Social pinboard site interest began rolling out a redesign to its users today.
Users should watch their email for an invitation from Pinterest to check out the changes, according to the company. The social pinboard site, which opened its doors to the public last August, is giving users bigger images, or pins, more information and better navigation tools.
"In January, we asked a small group of pinners to test a new look designed to make discovering things on Pinterest easier," wrote Jason Wilson, lead product designer with Pinterest, in a blog post. "Since then, we've talked to some of these folks, analyzed their feedback, and made a few changes. Today, we're thrilled to start sharing the new look with everyone."
The redesign includes new features for close-up views of pins that are designed to help users find new things on the site, Wilson said. For instance, users now can explore an entire board without leaving the page they were on. It's also easier to find pins from the same website and from the same person.
The feature that makes it easier to find other pins from the same person is expected to be added to the mobile apps for the Android and iOS platforms.
"We also responded to some feedback from pinners who told us they hated losing their place while browsing," wrote Wilson. "Now, when you scroll through pins and click on something that interests you, the back button lands you right back where you were no matter how far you've gone."
He also noted that people will see bigger pins and what he calls "subtle" changes to the site.
"We wanted to make things simpler and cleaner, without requiring you to learn anything new," said Wilson.
Pinterest is like a shareable online scrapbook or a collection of collections. Users can create pages of interest by pulling in images from around the Web. If someone spots an image - of a inspirational saying, a stylish outfit or a beautiful cake, for example -- she can use a plugin to grab it and add it to her board.

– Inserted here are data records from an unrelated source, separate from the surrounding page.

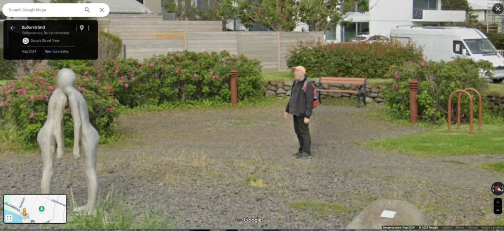 Even though this is my 3rd visit to Iceland, there have been moments of surprise and enjoyment (as you can read in other blog posts). To be clear I am not seeking high-risk adventures–I value my well-being and health. It is the simple and I am seeking surprise and enjoyment. Google reminded me of that recently. I was out on a hike in August. I was exploring a neighborhood I hadn’t been in before. I found a local park along the shore with a statue that I was admiring. Lost in the moment, Google Maps captured me at that spot. The point was that I got out and enjoyed a moment that was unplanned, unexpected, and a true surprise.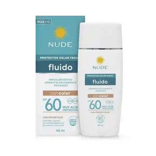 NUDE Protector Solar Facial SPF 60 Fluido con Color ofrece una protección avanzada y ultraligera contra los rayos solares, ideal para el cuidado diario de la piel. Su fórmula es hipoalergénica, no comedogénica y no irrita los ojos, lo que la hace perfecta para todo tipo de piel, incluidas las mixtas y grasas.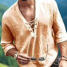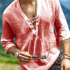 Zažijte letní pohodlí a styl s touto pánskou košilí z luxusního lnu. Udrží vás chladným a pohodlným po celý den. Volný střih a V- výstřih s tkaničkou nabízejí robustní šarm a jsou ideální pro jakoukoli volnočasovou aktivitu. Perfektní pro elegantní a univerzální garderobu.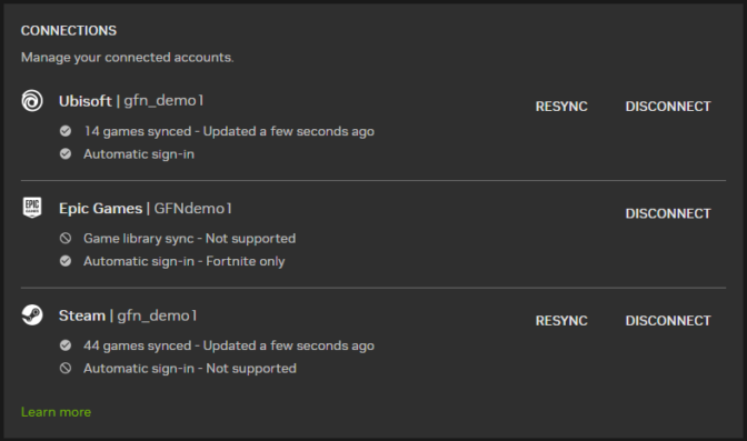 Get into your favorite games faster by linking GeForce NOW to Steam, Epic Games Store and Ubisoft accounts.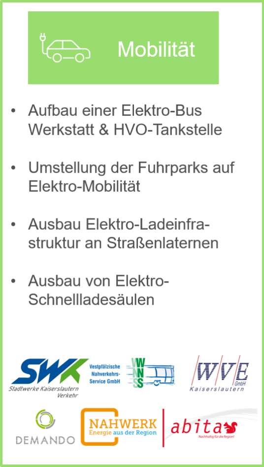 In diesem Handlungsfeld bringen wir Kaiserslautern mit Elektro-Mobilität auf Fahrt. Das umfasst den öffentlichen Nahverkehr, unser eCarSharing Emil und die Fahrzeuge in unserem Fuhrpark.

People who follow the user can see her pinboards, repin their favorite images and comment on them.
The site offers a look into the people forming the collections as much as it does into the worlds of religion, fashion, gardening, cooking and travel.
Sharon Gaudin covers the Internet and Web 2.0, emerging technologies, and desktop and laptop chips for Computerworld. Follow Sharon on Twitter at @sgaudin, on Google+ or subscribe to Sharon's RSS feed. Her email address is firstname.lastname@example.org.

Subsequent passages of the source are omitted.